All that is wanted is the lines from the first line of the listing below through the line containing "A.3.5吋經典巧克力蛋糕一個 / B.3.5吋黑嘉侖草莓巧克力蛋糕一個", written out exactly with pictures left out.

[Entries provided Boundary: Start]

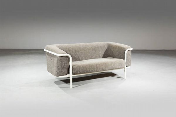 Struttura in metallo verniciato e imbottitura rivestita in tessuto. Anni '70 cm 68x167x84 Difetti
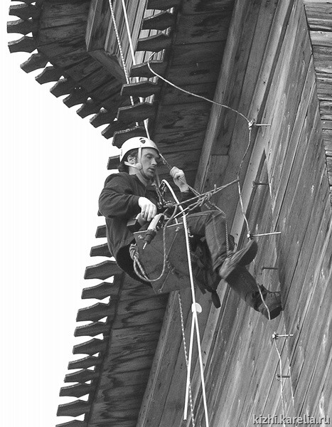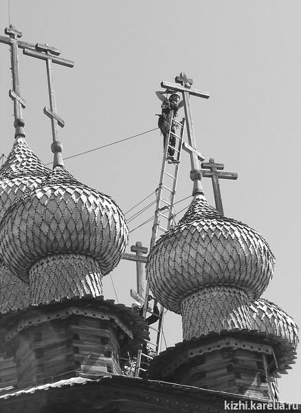 Первая система молниезащиты на памятниках Кижского Погоста, выработав свой ресурс, была заменена в 1994 году на новую, которая соответствовала третьей, последней категории защиты гражданских зданий. По нормам установка молниезащиты обязательна, если для данной местности годовое число гроз — более десяти часов — на острове Кижи среднегодовая грозовая продолжительность составляет около сорока часов. Более того, специалисты, зная число гроз, в силах рассчитать вероятное количество попаданий молнии в здание. И совсем недавно в связи с уникальностью ансамбля и легкой воспламеняемостью его деревянных конструкций, а также прогнозируемой интенсивностью гроз в ближайшее десятилетие, было принято решение о новой системе молниезащиты с самой высокой степенью защиты. «Наша задача — встретить молнию на подлете к памятникам и сделать так, чтобы она изменила свое первоначальное направление и, скользнув вдоль стены, ушла в землю рядом,— рассказывает Татьяна Сироткина, ведущий инженер музея-заповедника „Кижи“.— Поэтому молниеотвод состоит из трех основных элементов: молниеприемника, который принимает разряд молнии, токоотвода, который должен направить принятый разряд в землю, и заземлителя, который отдает заряд земле. Отличие новой молниезащиты от прежней состоит в том, что стальные составляющие системы заменены на медные. Медь обладает большей проводимостью тока и меньше ржавеет. Тем самым степень защиты объекта от молнии значительно выше». Кроме того, надежность этой молниезащиты возрастает и благодаря установке молниеотвода не только на центральных главках, но и на главках нижних ярусов церквей.
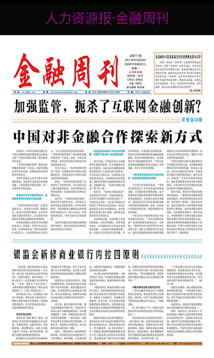 《人力资源报•金融周刊》是国内唯一一份以全球通行的专业术语“人力资源”命名的人力资源专业报纸,每周一出版主报。《人力资源报•金融周刊》适应传统人事管理向现代人力资源管理、现代人力资源管理向战略人力资源管理时代的转变理念的要求,以“承载经典智慧,提高管理能力,搭建沟通桥梁,促进共赢多赢”为办报宗旨,不遗余力地向业界倡导:正本清源,树德开慧;道术并重,标本兼治。
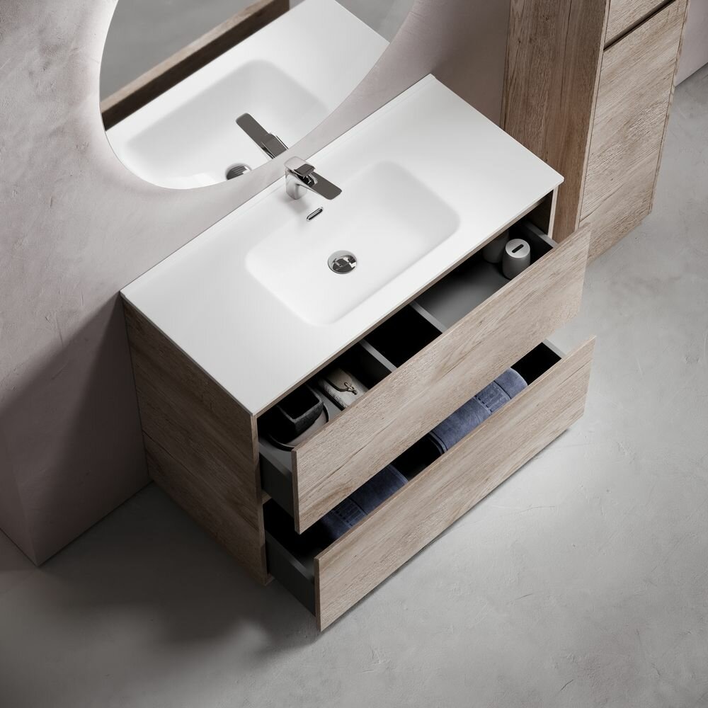 Купить Тумба с раковиной для ванной Sancos Libra Floor, 101 см, дуб галифакс натуральный с доставкой по всей России.
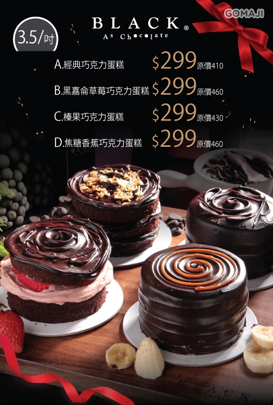 A.3.5吋經典巧克力蛋糕一個 / B.3.5吋黑嘉侖草莓巧克力蛋糕一個 / C.3.5吋榛果巧克力蛋糕一個 / D.3.5吋焦糖香蕉巧克力蛋糕一個
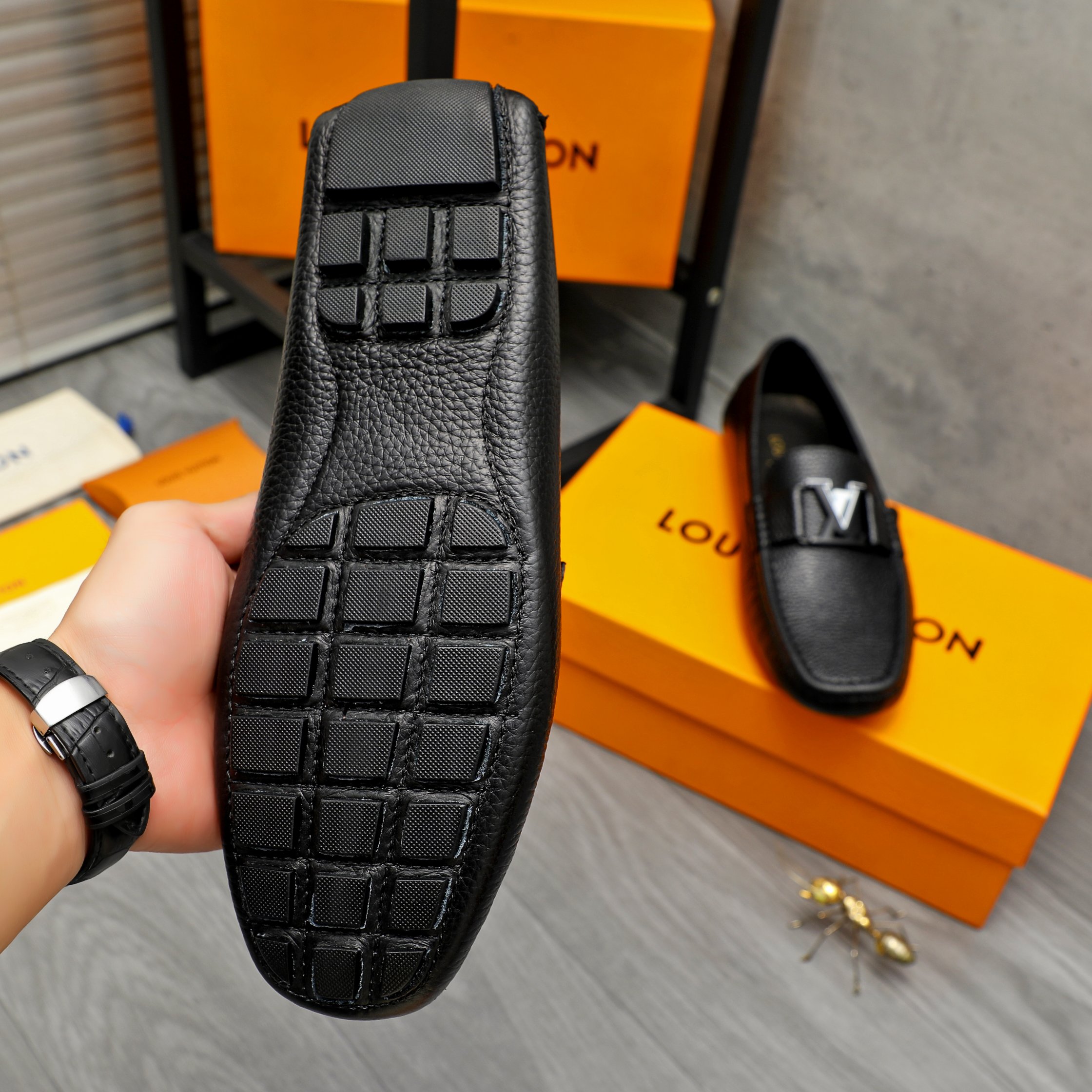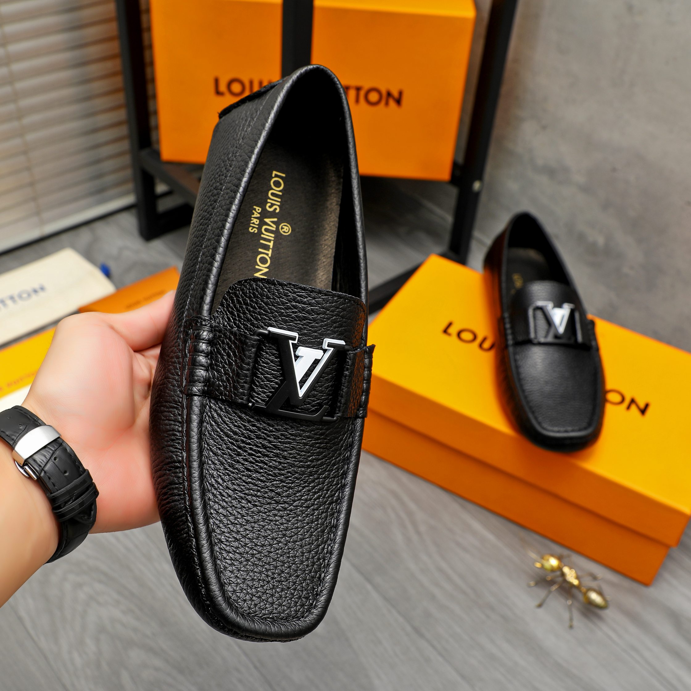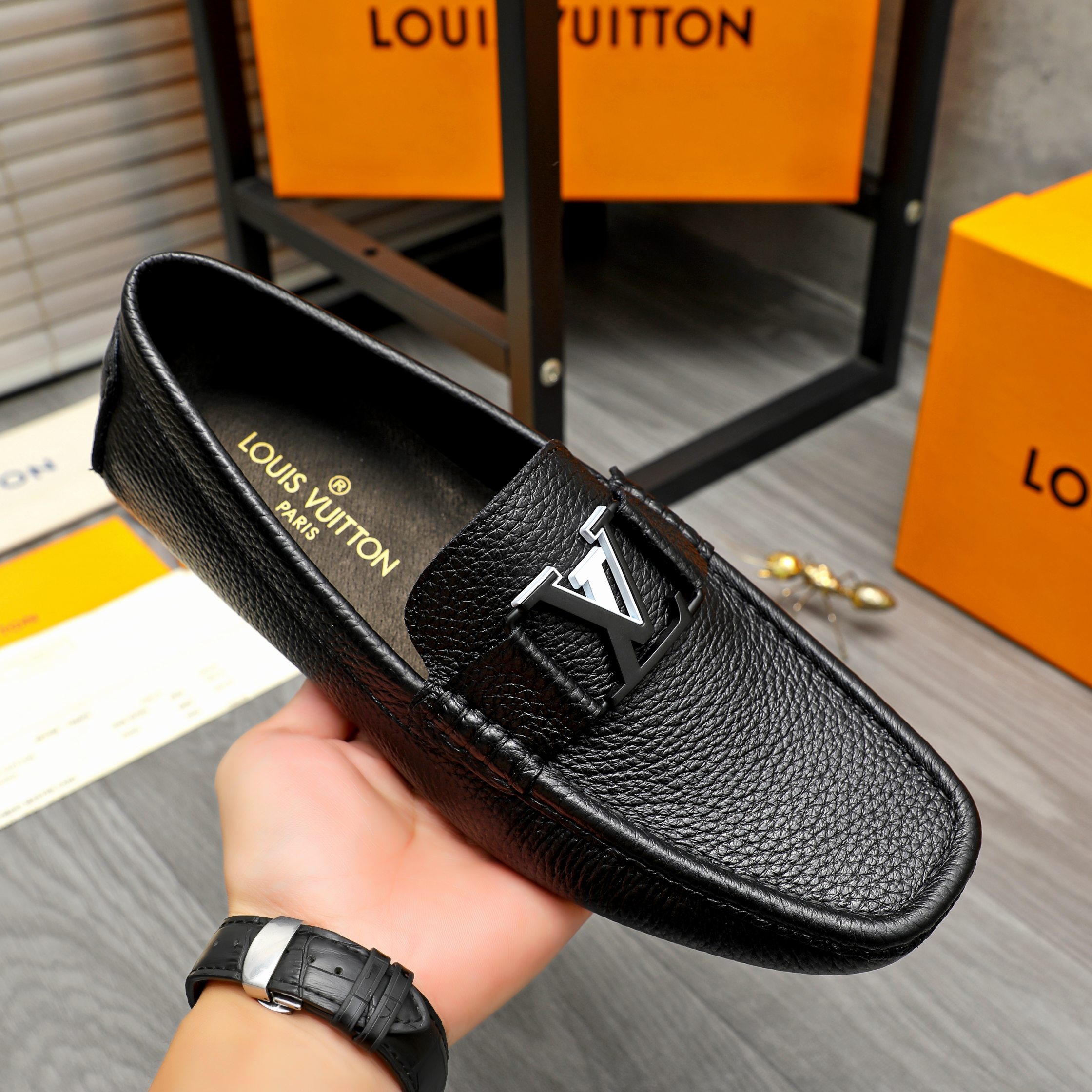 这款鞋子是AAAAA 1:1 质量 (非常棒). 使用了和原版一模一样的材料. 商标部分也保持了和路易威登/Louis Vuitton一样. 图片拍摄是实物鞋子拍摄, 您所收到的实物保证和我们图片一模一样.

[Entries provided Boundary: End]

## Answer to this exercise:
 Struttura in metallo verniciato e imbottitura rivestita in tessuto. Anni '70 cm 68x167x84 Difetti
 Первая система молниезащиты на памятниках Кижского Погоста, выработав свой ресурс, была заменена в 1994 году на новую, которая соответствовала третьей, последней категории защиты гражданских зданий. По нормам установка молниезащиты обязательна, если для данной местности годовое число гроз — более десяти часов — на острове Кижи среднегодовая грозовая продолжительность составляет около сорока часов. Более того, специалисты, зная число гроз, в силах рассчитать вероятное количество попаданий молнии в здание. И совсем недавно в связи с уникальностью ансамбля и легкой воспламеняемостью его деревянных конструкций, а также прогнозируемой интенсивностью гроз в ближайшее десятилетие, было принято решение о новой системе молниезащиты с самой высокой степенью защиты. «Наша задача — встретить молнию на подлете к памятникам и сделать так, чтобы она изменила свое первоначальное направление и, скользнув вдоль стены, ушла в землю рядом,— рассказывает Татьяна Сироткина, ведущий инженер музея-заповедника „Кижи“.— Поэтому молниеотвод состоит из трех основных элементов: молниеприемника, который принимает разряд молнии, токоотвода, который должен направить принятый разряд в землю, и заземлителя, который отдает заряд земле. Отличие новой молниезащиты от прежней состоит в том, что стальные составляющие системы заменены на медные. Медь обладает большей проводимостью тока и меньше ржавеет. Тем самым степень защиты объекта от молнии значительно выше». Кроме того, надежность этой молниезащиты возрастает и благодаря установке молниеотвода не только на центральных главках, но и на главках нижних ярусов церквей.
 《人力资源报•金融周刊》是国内唯一一份以全球通行的专业术语“人力资源”命名的人力资源专业报纸,每周一出版主报。《人力资源报•金融周刊》适应传统人事管理向现代人力资源管理、现代人力资源管理向战略人力资源管理时代的转变理念的要求,以“承载经典智慧,提高管理能力,搭建沟通桥梁,促进共赢多赢”为办报宗旨,不遗余力地向业界倡导:正本清源,树德开慧;道术并重,标本兼治。
 Купить Тумба с раковиной для ванной Sancos Libra Floor, 101 см, дуб галифакс натуральный с доставкой по всей России.
 A.3.5吋經典巧克力蛋糕一個 / B.3.5吋黑嘉侖草莓巧克力蛋糕一個 / C.3.5吋榛果巧克力蛋糕一個 / D.3.5吋焦糖香蕉巧克力蛋糕一個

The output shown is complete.